Where does the character begin emotionally?
What belief do they hold?
How does that belief get challenged?
What cracks form?
When does something break?
In A Christmas Carol, the plot events are structured around emotional transformation. Each ghost doesn’t just show Scrooge something interesting. Each encounter pushes him toward self-awareness.
That’s deliberate directional design.
Cut or Rewrite Static Scenes
This is the hard part.
Sometimes a beautifully written scene simply doesn’t move the story. And no amount of polishing will fix that.
When I hit those scenes, I ask:
- Can I attach a decision to the end of this?
- Can new information emerge?
- Can a relationship shift?
If not, it probably doesn’t belong.
Momentum requires discipline.
Let Choices Drive the Climax
The strongest climaxes don’t feel random. They feel like the inevitable result of accumulated decisions.
In The Dark Knight, every major moment in the climax stems from earlier choices—Batman’s methods, Harvey Dent’s transformation, the Joker’s philosophy.
The ending doesn’t appear out of nowhere. It emerges.

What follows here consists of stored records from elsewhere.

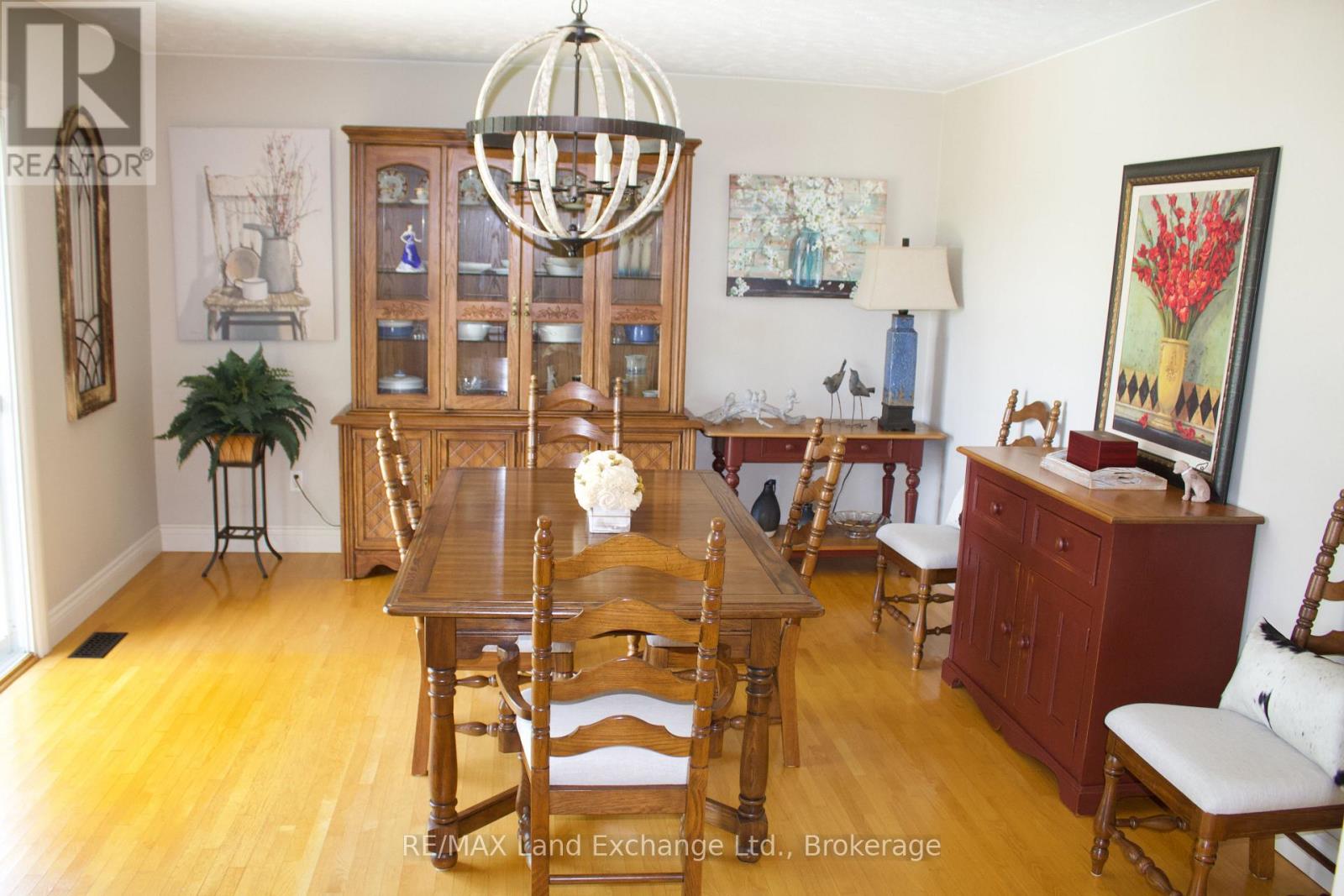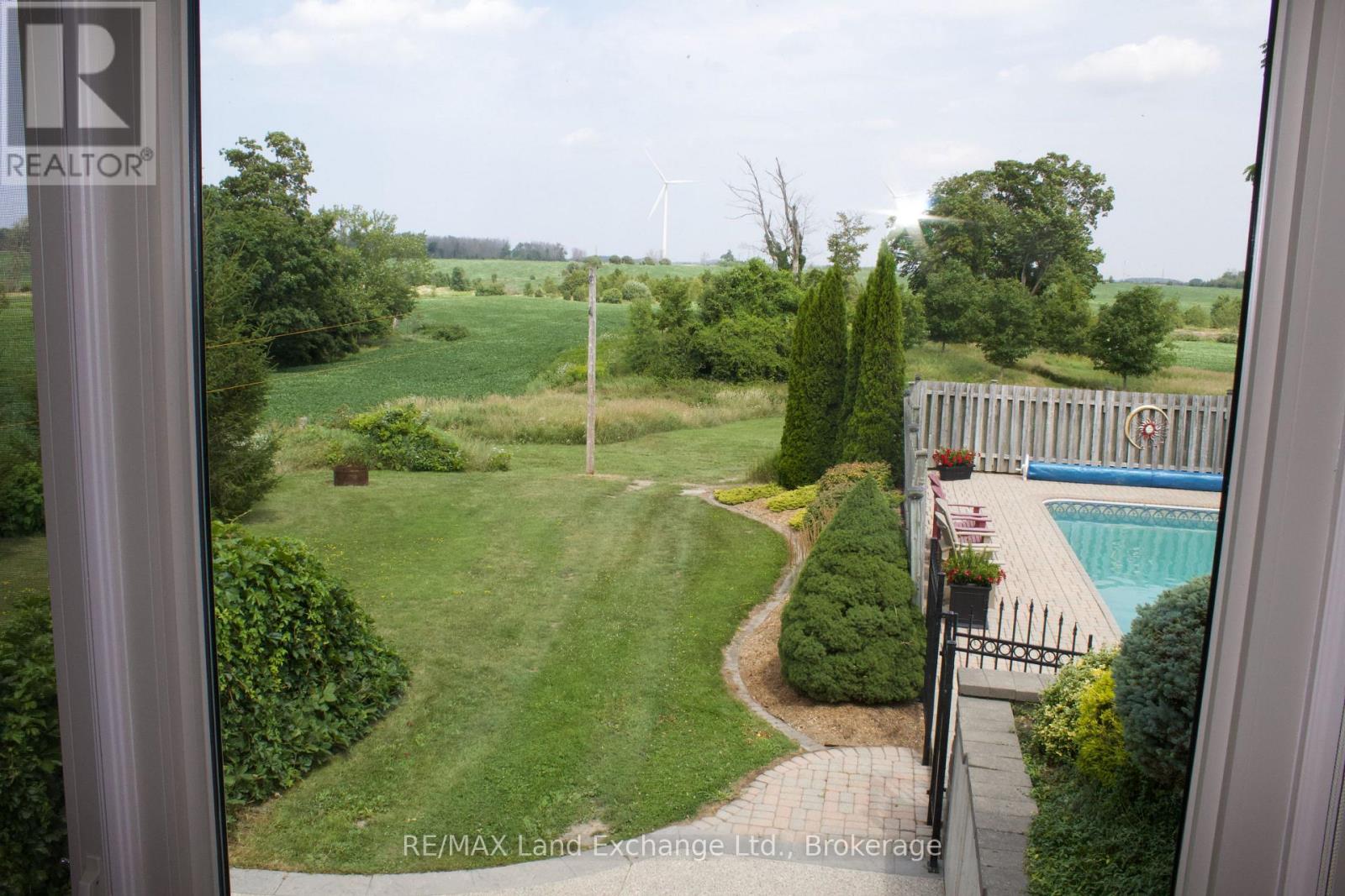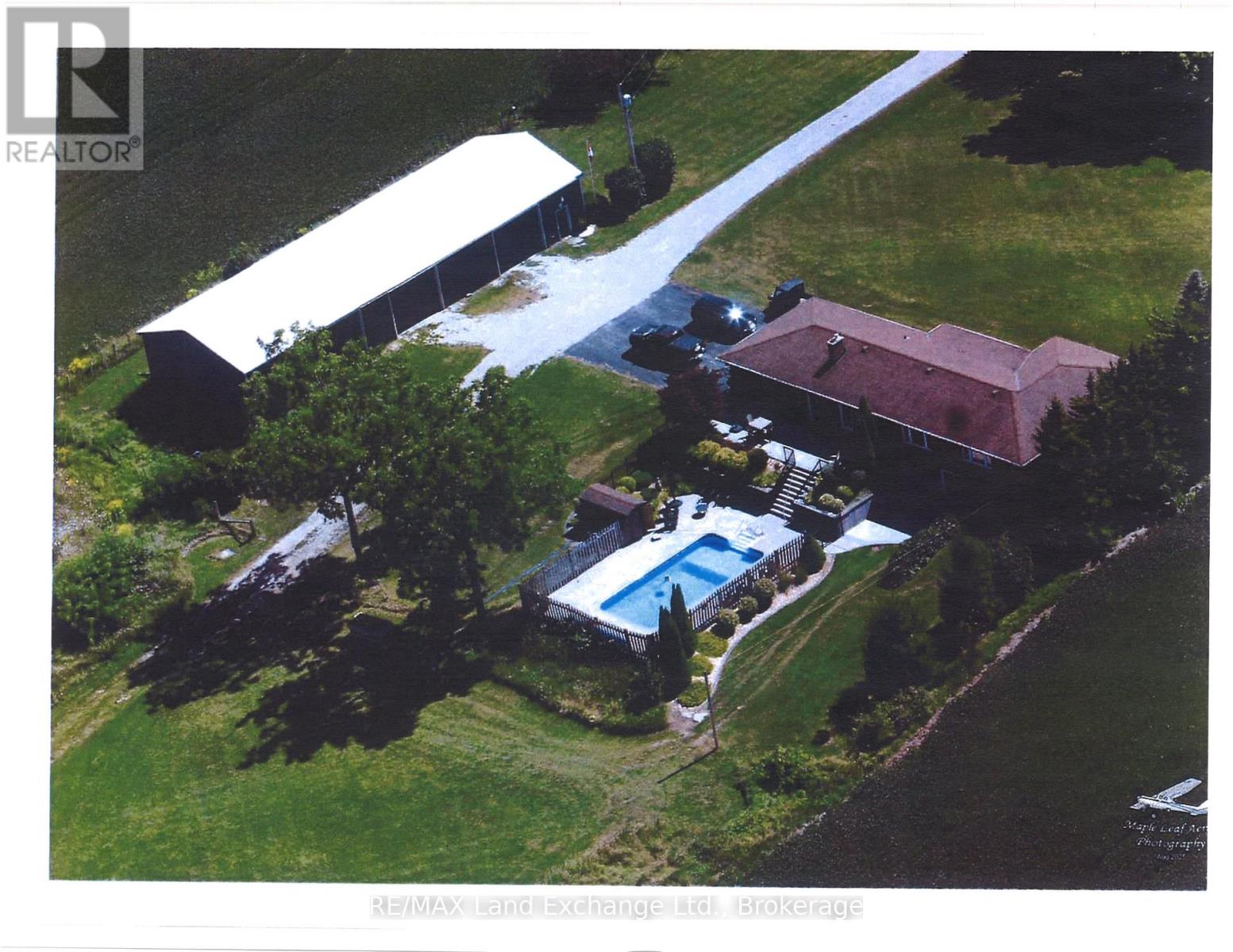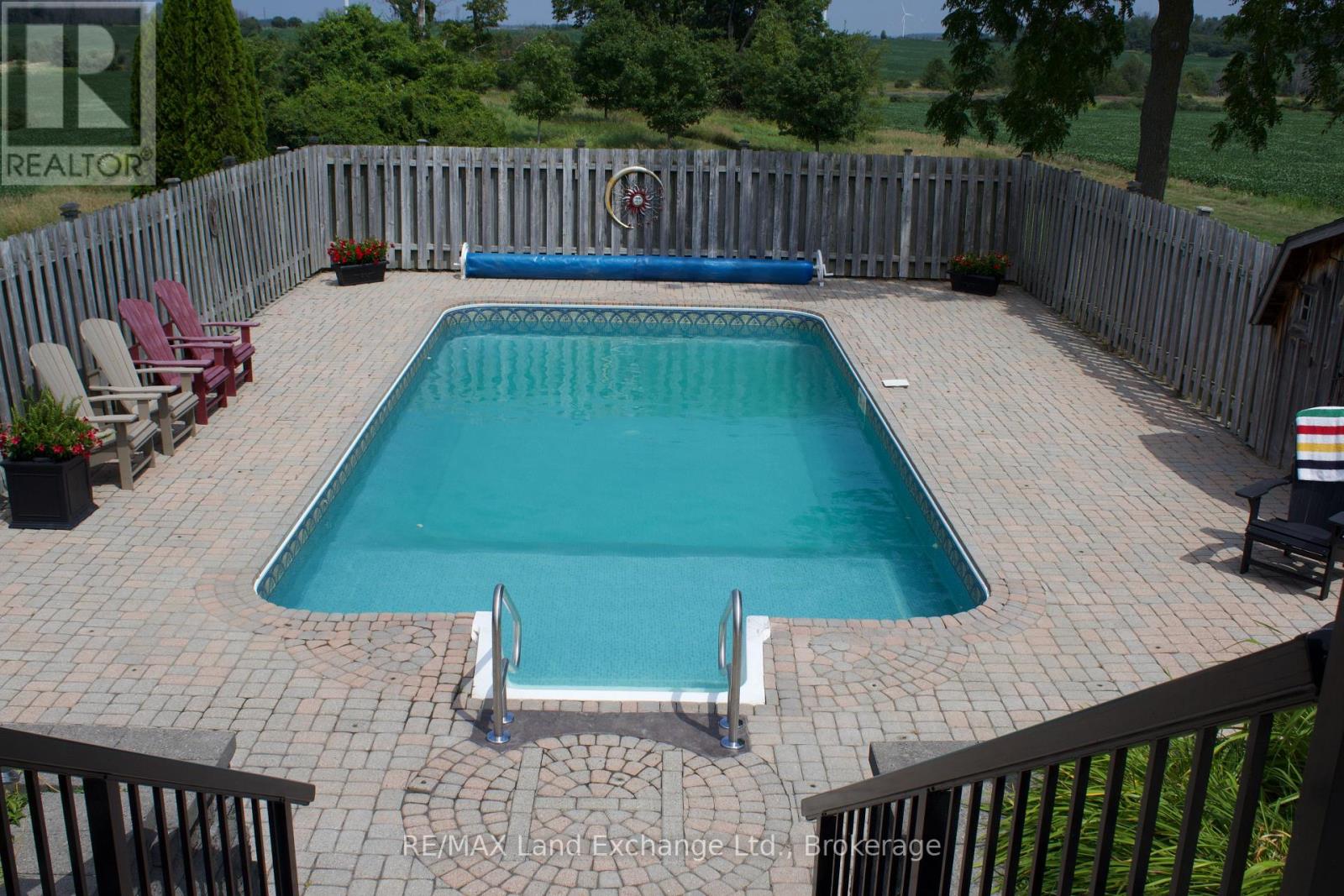Very well-cared-for modern bungalow designed for entertaining and enjoying the outdoors. It is situated on 99 acres and includes a 32' X 96' implement shed. All located between Bruce Power and #21 Highway on Bruce Rd 20, a short drive to either Port Elgin or Kincardine. The home features walkout lower level to 16' X 32' inground pool on gorgeous grounds and with superb views of the Bruce Township countryside. Home has a large eat-in kitchen plus formal dining room, three full baths including ensuite. Finished lower level with huge games and family room; laundry and ample storage space. There is a 4th Bath listed, but it is a one-piece, with sink and vanity, near the rear entry. Kitchen was re-done in 2010, kitchen flooring is engineered wood plank installed in '23. All bathrooms have been refurbished since the home was new. Acreage is gently rolling and rented for the 2026 crop season - about 85 acres workable, silty clay-loam, random drainage. Acreage was in beans in 2025. (id:51300)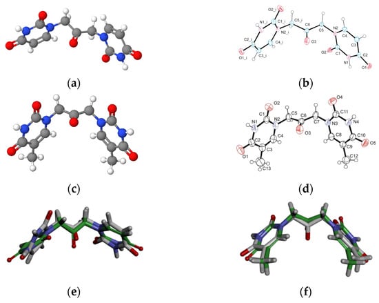 The energy-minimized 3D structure models of U2O (a) and T2O (c) obtained by MolView software (TU Delft, Deft, Netherlands, v2.4) compared to the X-ray solved structures (b,d, respectively). Superimposed U2O (e) and T2O (f) 3D computational models (green) and their X-ray solved structures. The original files for the two X-ray structures can be freely downloaded from https://www.ccdc.cam.ac.uk/ (accessed on 14 July 2022) CCDC 932,679 (U2O) and 821,514 (T2O) [,].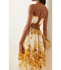The Aliane Scallop Midi Dress in Amber Floral from Zimmermann's Summer Swim 2021 Collection. A linen midi dress featuring waist cut outs, side seam pockets and embroidered scalloped edging throughout.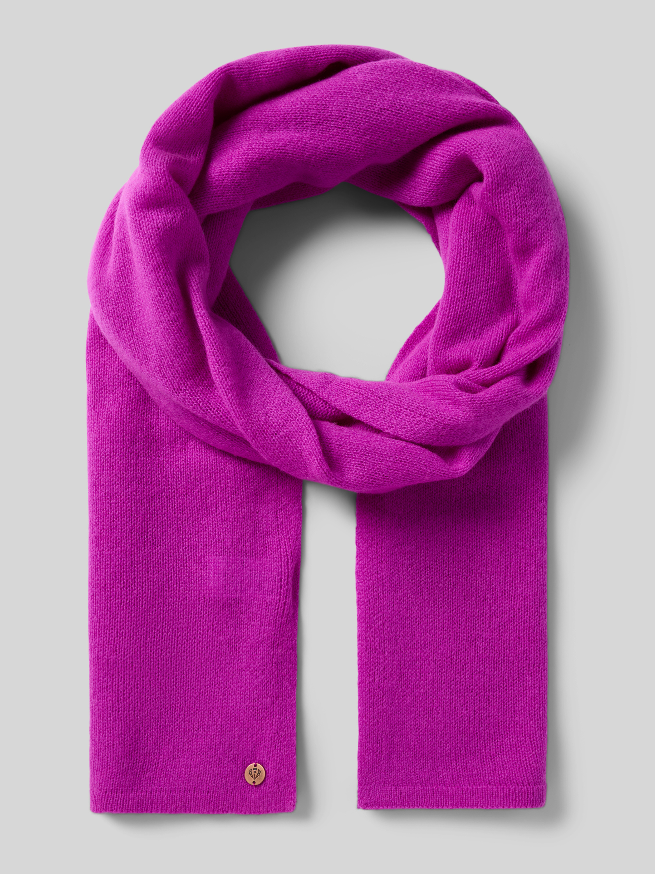 Der Damen Schal von Fraas besteht aus reinem Kaschmir und fühlt sich angenehm weich auf der Haut an. Durch die rechteckige Form und die dezenten, gerippten Abschlüsse passt er sich unkompliziert verschiedenen Outfits an. Ein kleines Label-Detail sorgt für eine zurückhaltende Akzentuierung.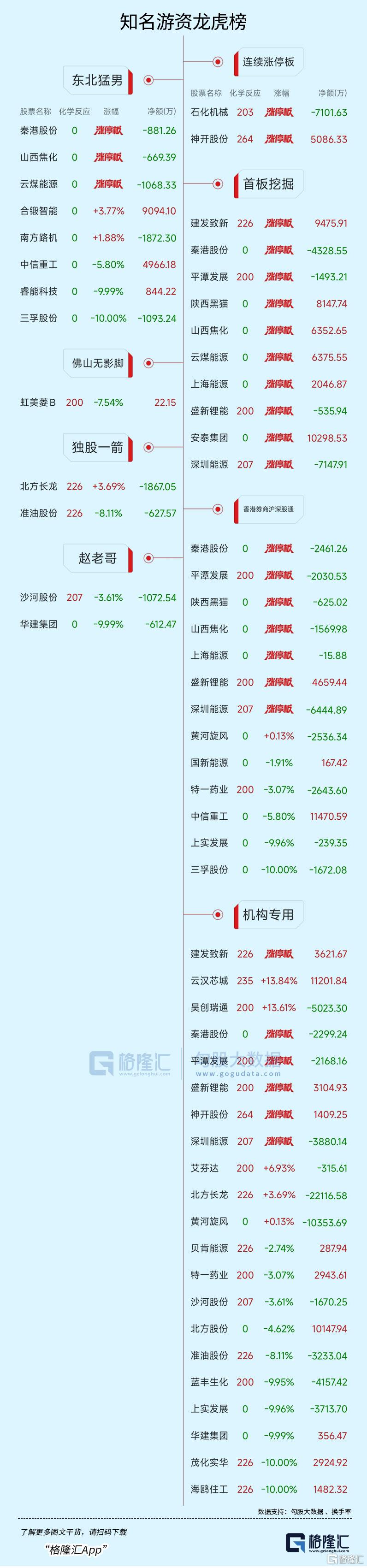 龙虎榜中涉及机构专用席位的个股中,当日净卖出额前三为北方长龙、黄河旋风、蓝丰生化,分别为1.32亿元、1.04亿元、4157.42万元。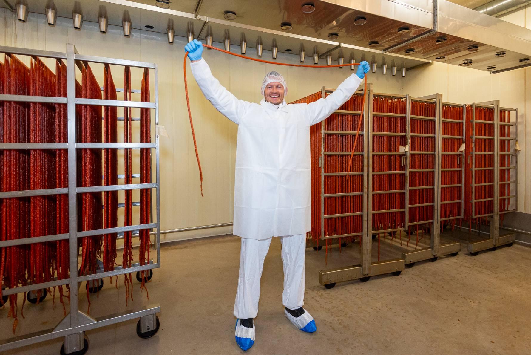 Darbs, lai izstrādātu recepti, atrastu pareizo izmēru un izveidotu iepakojuma dizainu, bijis gana sarežģīts. Pētīti Amerikas paraugi, tapuši vairāk nekā 20 varianti, līdz izvēle krita par labu divu veidu uzkodām – vistas un liellopa desiņas. «Pieslēdzu procesam arī sievu. Protams, Roberts, kad atbrauca ciemos no Amerikas, bija ražotnē. Garšojām, vērtējām, daudz tika strādāts, lai desiņas būtu ne tikai proteīna bagātas, bet arī garšīgas, sulīgas un mīkstas,» tā Blūms.
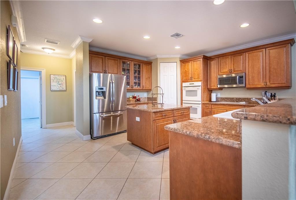 Beautiful home with NEW ROOF, 5 bedrooms/5 bathrooms + oversized loft. The house has 3 master bedrooms. Main master bedroom is on the first floor along with another mini suite with its own private bathroom. The third master bedroom is on the second floor. Gourmet kitchen with center island and granite countertops, new A/C unit, new water heater, accordion shutters. Tile on the first level, wood floors on the second floor and stairs. Great outside area with lush mature landscaping and plenty of privacy. Enjoy the extended patio, fruit trees, and peaceful lake view.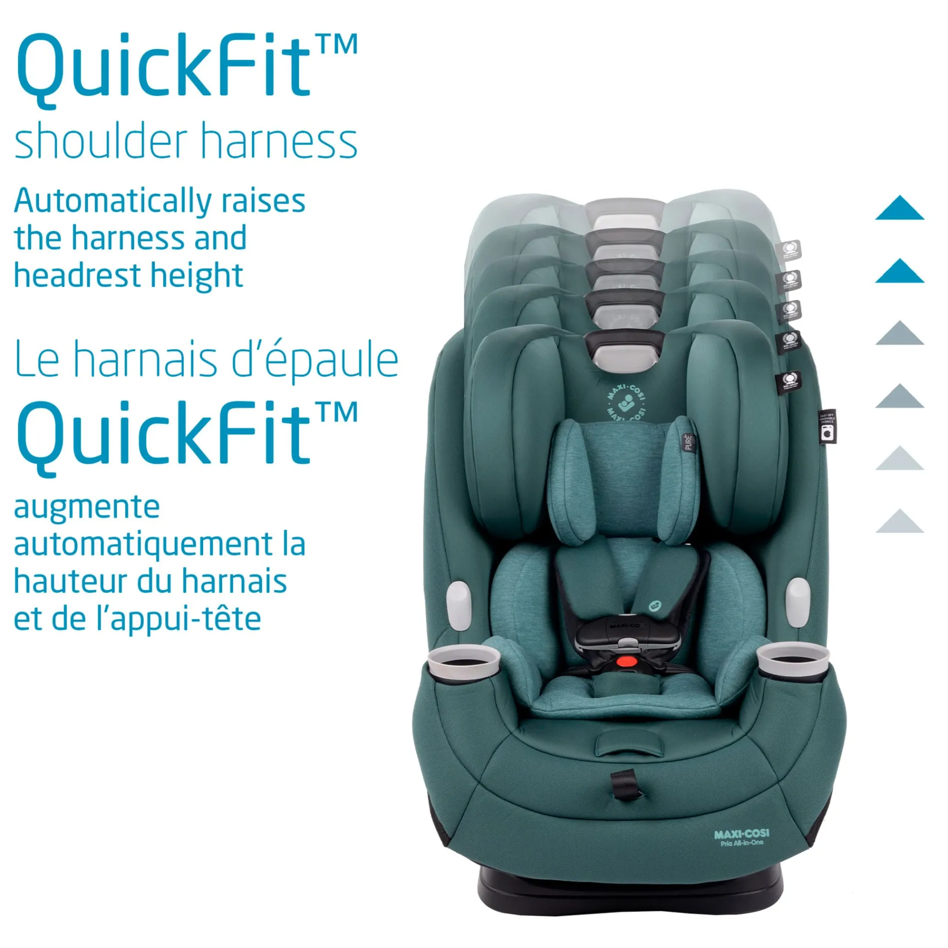 -QuickFit shoulder harness automatically raises the harness and headrest height.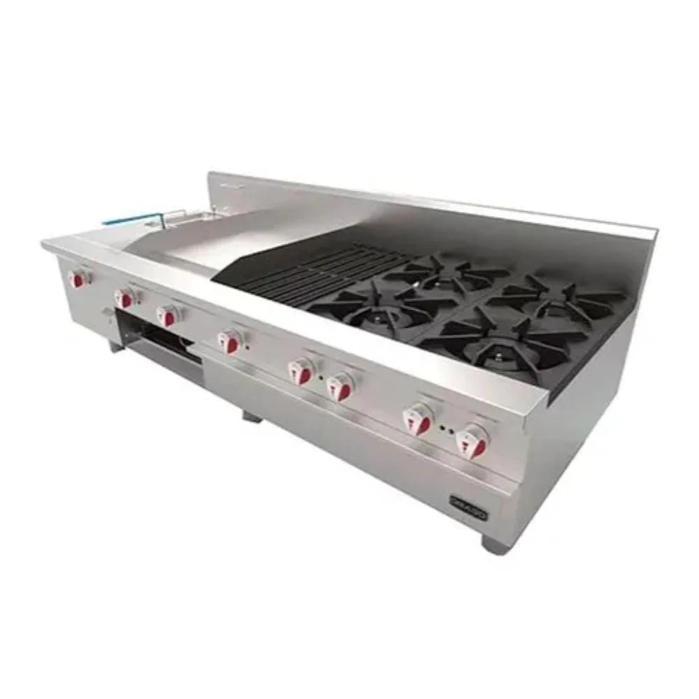 Estufa con 4 quemadores, asador de 1 pie, plancha de 2 pies, freidora y grati- nador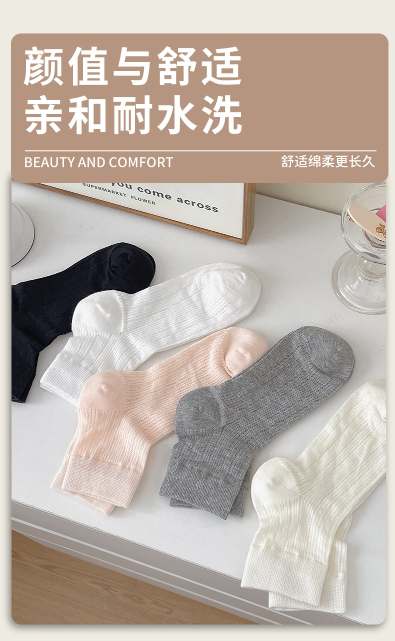 봄과 여름 양말 여성 중공 빛 통기성 짧은 튜브 양말 간단한 여성 양말 단색 줄무늬 조커 메쉬 양말 도매스토어 가기

And that emergence—that sense of everything converging—is the ultimate expression of directionality.
Before You Leave
If there’s one thing I hope sticks with you, it’s this: movement in fiction isn’t about speed. It’s about change with purpose.
When your story has direction, readers feel guided. They trust you. They lean forward because they sense transformation coming.
So the next time you revise, don’t just ask, “Is this exciting?”
Ask, “Is this moving us somewhere?”
That question alone can reshape an entire manuscript.